Tomorrow morning, MGIC (NYSE:MTG) will announcement earnings for the first quarter of 2007. This will be the first earning announcement to come out of the mortgage insurance sector since the subprime meltdown began. Although some analysts seem to think that the problems with subprime and Alt-A loans will not carry over into the mortgage insurance sector, the first quarter report from MGIC could give investors their first real look into the potential problems that the subprime mess could cause mortgage insurers.
Investors will key on the quantity of insurance claims paid during the quarter. Wall Street Mayhem believes that any significant increase in claims paid should send this sector down. Last month, National City corp., the nation’s ninth largest bank, said that their $2.2 billion subprime and Alt-A mortgage portfolio was covered by two different carriers. National City went on to say that one of these carriers was paying claims, but the other was “rejecting a meaningful number of claims”. National City will seek contractual or judicial relief against this carrier.
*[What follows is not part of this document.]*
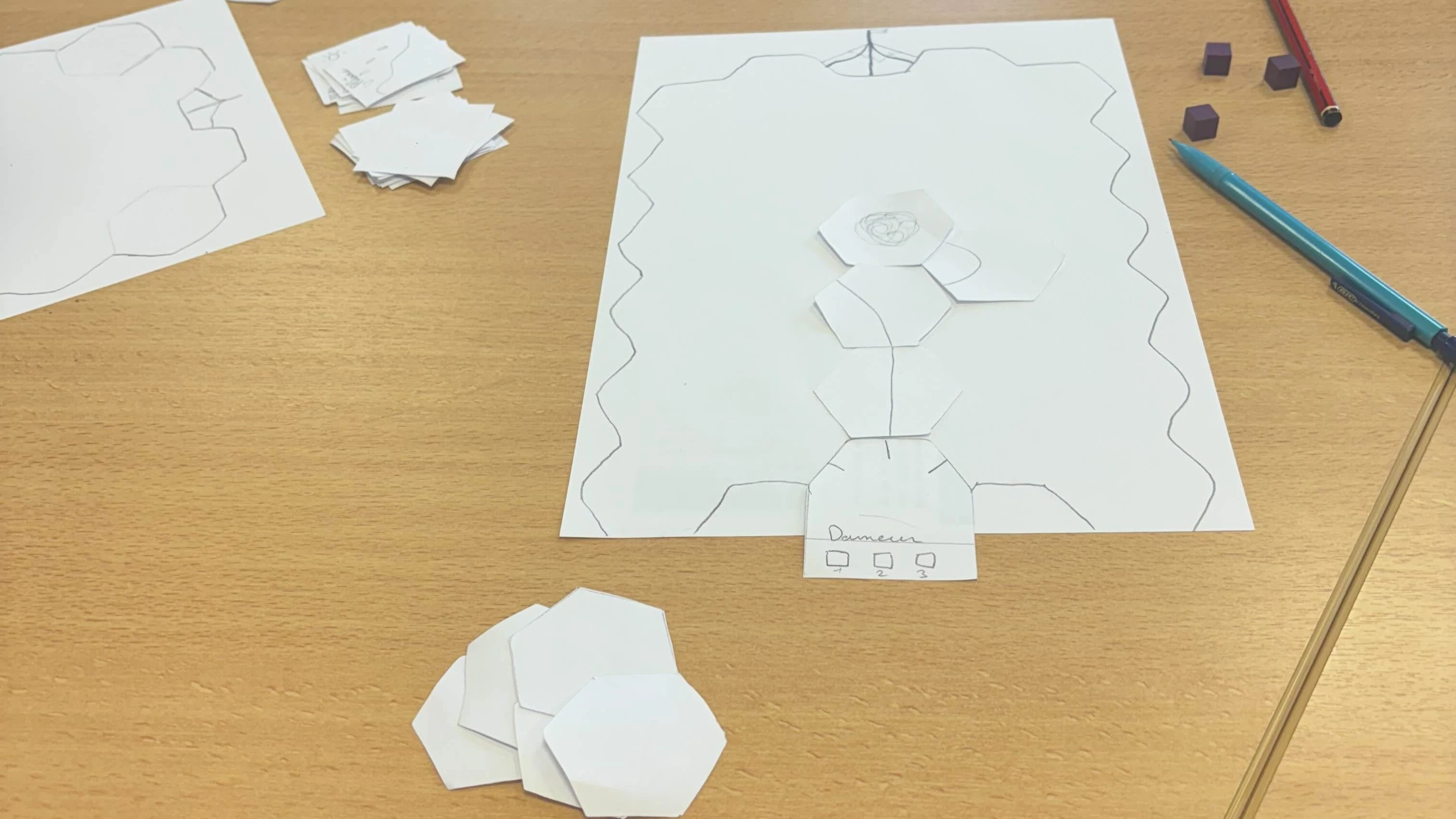 taking turns placing hexagonal tiles to reach the summit. After several playtesting sessions,

Since Radian Group and MGIC are merging, that leaves PMI Group and Triad Guaranty Inc. as the other large mortgage insurers. Although large insurance companies such as AIG also sell mortgage insurance, it is not a stretch to think that PMI Group or MGIC could be the unnamed company refusing to pay claims considering that PMI and MGIC are the largest insurers focusing on mortgage insurance.
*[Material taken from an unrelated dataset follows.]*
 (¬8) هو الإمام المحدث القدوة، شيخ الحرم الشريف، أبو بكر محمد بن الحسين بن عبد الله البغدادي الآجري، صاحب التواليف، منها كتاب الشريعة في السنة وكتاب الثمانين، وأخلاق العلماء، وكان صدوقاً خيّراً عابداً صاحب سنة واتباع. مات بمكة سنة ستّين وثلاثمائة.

If MGIC or PMI Group is refusing to pay claims this could be a signal of major problems related to subprime and Alt-A mortgages. Even if neither MGIC nor PMI group is the nonpaying culprit, it is reasonable to assume that if these companies are paying claims, the increase in claims paid will have a significant negative impact on earnings going forward.
MGIC and PMI Group bulls will argue that many of the subprime loans were securitized and sold in the capital markets instead of being insured. Through this logic mortgage insurers will not have a significant increase in claims paid due to subprime and Alt-A defaults. Although this argument holds some credence, the statement by National City shows that at least some of the large mortgage originators still used insurance for subprime and Alt-A loans.
In PMI Group’s most recent 10-K they state, “In 2006, PMI’s average premium rate increased primarily as a result of its primary portfolio containing higher percentages of high LTV and Alt-A loans. However, there can be no assurance that the premiums earned and the associated investment income will prove adequate to compensate for future losses from these loans.” Although 10-K’s are notorious for sounding like the company is in dire straights due to the legal ramifications of these documents, this statement shows that PMI has significant exposure to Alt-A loans. Apparently, not all of these loans were securitized after all.
Details about MGIC’s questionable acquisition of Fieldstone Investment will also be a key issue surrounding MGIC’s conference call. Although MGIC did manage to lower the offer price from $5.53 per share to $4 a share, Fieldstone’s shares are currently trading at $3.21 implying that the street does not have confidence that the deal will go through. Yesterday, Friedman Billings Ramsey announced that they have sold their entire position in Fieldstone.
We already covered half of our short positions in MGIC and PMI Group for a nice profit. Tomorrow’s earning report for MGIC will set the tone for mortgage insurers going forward. If MGIC has somehow maneuvered through the subprime meltdown unscathed we will cover the rest of our short position, but in our opinion the mortgage insurance sector will continue to under perform.